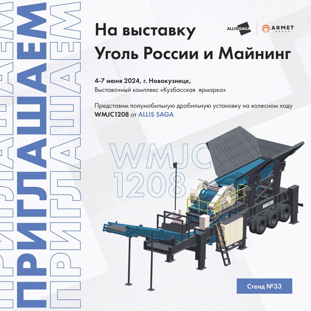 Лето не только время отдыха, но и замечательная возможность для профессиональных встреч! Приглашаем вас на XXXII Международную специализированную выставку технологий горных разработок «Уголь России и Майнинг», которая скоро пройдет в Новокузнецке! На нашем стенде вы сможете увидеть звезду экспозиции - полумобильную дробильную установку на шасси серии W от ALLIS SAGA. Модель WMJC1208 — это вершина инженерной мысли, предназначенная для эффективного первичного дробления как рудных, так и нерудных материалов. Среди особенностей установки - высокопроизводительная дробилка MJC1208 и питатель FV1148, обеспечивающие непревзойденную надежность и качество обработки. Откройте для себя уникальные преимущества нашей техники:
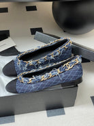 Chanel 25A Ballet Flats Big Chain Double C Dark Blue Denim Sheepskin 393816
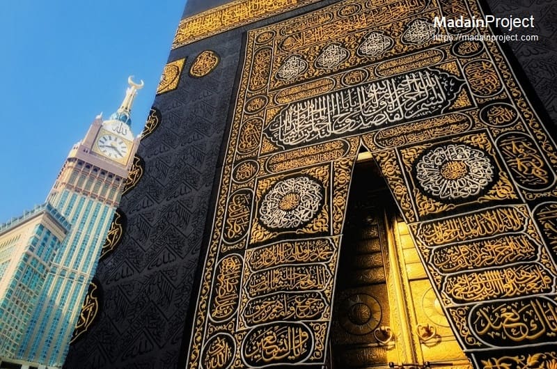 A decisive transformation occurred under the Umayyad caliph Muʿawiya ibn Abi Sufyan, who is credited with instituting a regular replacement schedule and commissioning fine textiles from state resources. The Abbasid period introduced the now-familiar black silk covering, replacing earlier white and colored fabrics, and established inscriptions as a defining feature. Control over Kiswa production later shifted to Egypt under the Fatimids and subsequently continued under the Mamluks, who founded the Dar al-Kiswah in historic city of Cairo (Fustat) and organized an annual ceremonial caravan accompanying the Kiswa to Mecca. This tradition continued under Ottoman rule, with the Kiswa dispatched from Cairo alongside the mahmal, a symbolic palanquin representing imperial patronage. Following the incorporation of the Hijaz into the Saudi state, King Abdulaziz ordered the establishment of a local production facility in Mecca in 1927 CE, ending external manufacture and situating the entire process within the sanctuary’s immediate geographic context.
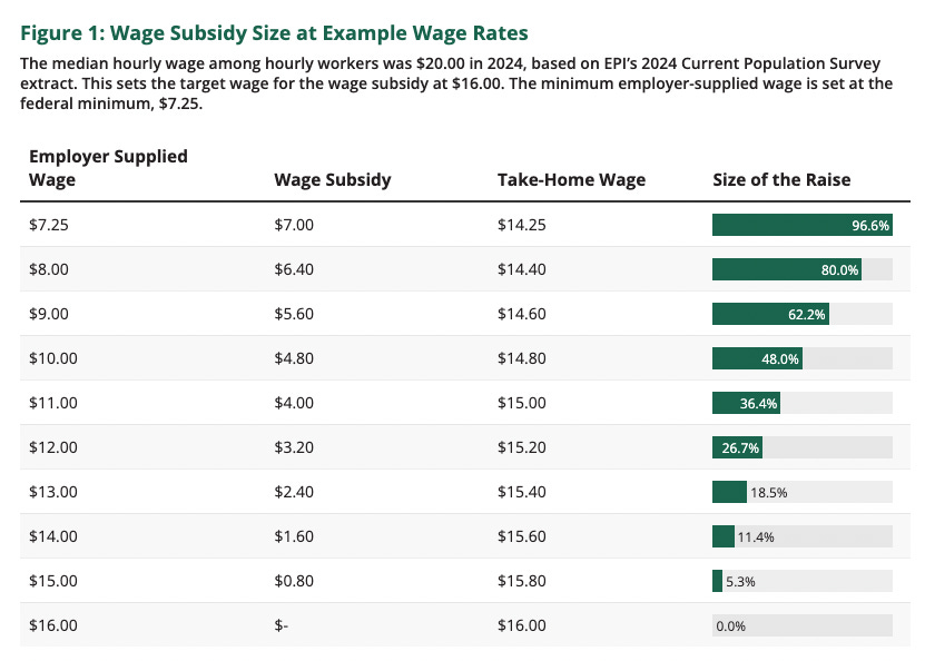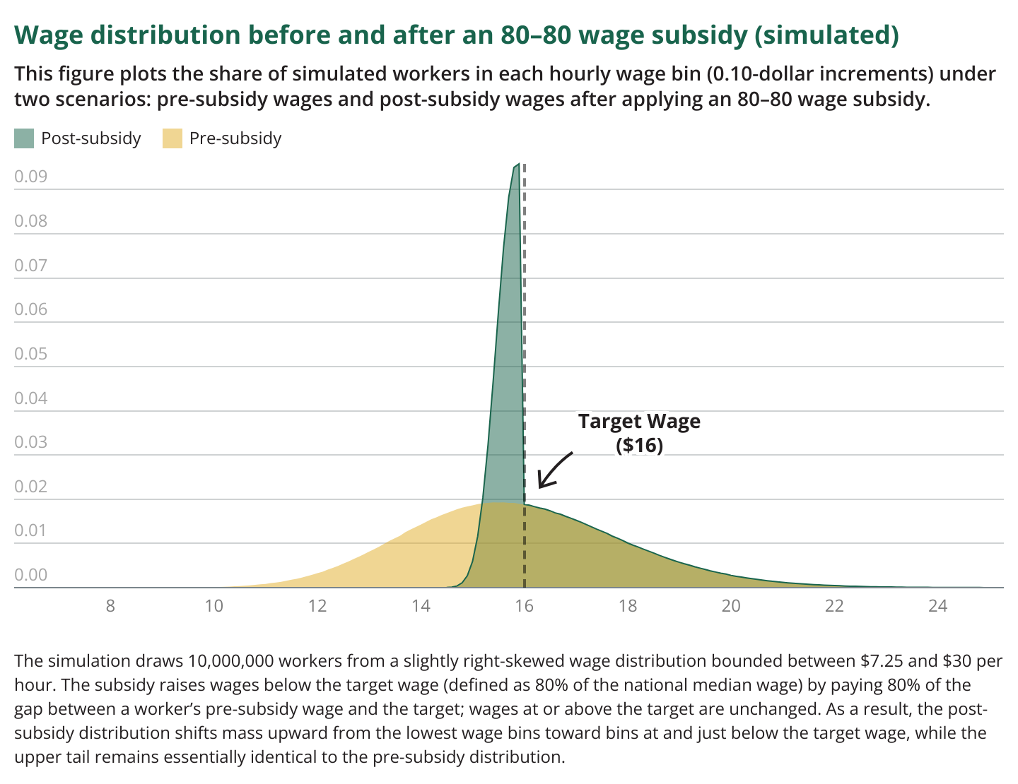 A wage subsidy is a publicly funded top-up to low hourly wages. Our proposal outlined a subsidy equal to 80 percent of the difference between a worker’s employer-paid wage and a target hourly wage set at 80 percent of the national median ($16 in 2024).

- **Your objective**: Output an exact copy of the material, with the pictures removed.

- **Task response**:
 Лето не только время отдыха, но и замечательная возможность для профессиональных встреч! Приглашаем вас на XXXII Международную специализированную выставку технологий горных разработок «Уголь России и Майнинг», которая скоро пройдет в Новокузнецке! На нашем стенде вы сможете увидеть звезду экспозиции - полумобильную дробильную установку на шасси серии W от ALLIS SAGA. Модель WMJC1208 — это вершина инженерной мысли, предназначенная для эффективного первичного дробления как рудных, так и нерудных материалов. Среди особенностей установки - высокопроизводительная дробилка MJC1208 и питатель FV1148, обеспечивающие непревзойденную надежность и качество обработки. Откройте для себя уникальные преимущества нашей техники:
 Chanel 25A Ballet Flats Big Chain Double C Dark Blue Denim Sheepskin 393816
 A decisive transformation occurred under the Umayyad caliph Muʿawiya ibn Abi Sufyan, who is credited with instituting a regular replacement schedule and commissioning fine textiles from state resources. The Abbasid period introduced the now-familiar black silk covering, replacing earlier white and colored fabrics, and established inscriptions as a defining feature. Control over Kiswa production later shifted to Egypt under the Fatimids and subsequently continued under the Mamluks, who founded the Dar al-Kiswah in historic city of Cairo (Fustat) and organized an annual ceremonial caravan accompanying the Kiswa to Mecca. This tradition continued under Ottoman rule, with the Kiswa dispatched from Cairo alongside the mahmal, a symbolic palanquin representing imperial patronage. Following the incorporation of the Hijaz into the Saudi state, King Abdulaziz ordered the establishment of a local production facility in Mecca in 1927 CE, ending external manufacture and situating the entire process within the sanctuary’s immediate geographic context.
 A wage subsidy is a publicly funded top-up to low hourly wages. Our proposal outlined a subsidy equal to 80 percent of the difference between a worker’s employer-paid wage and a target hourly wage set at 80 percent of the national median ($16 in 2024).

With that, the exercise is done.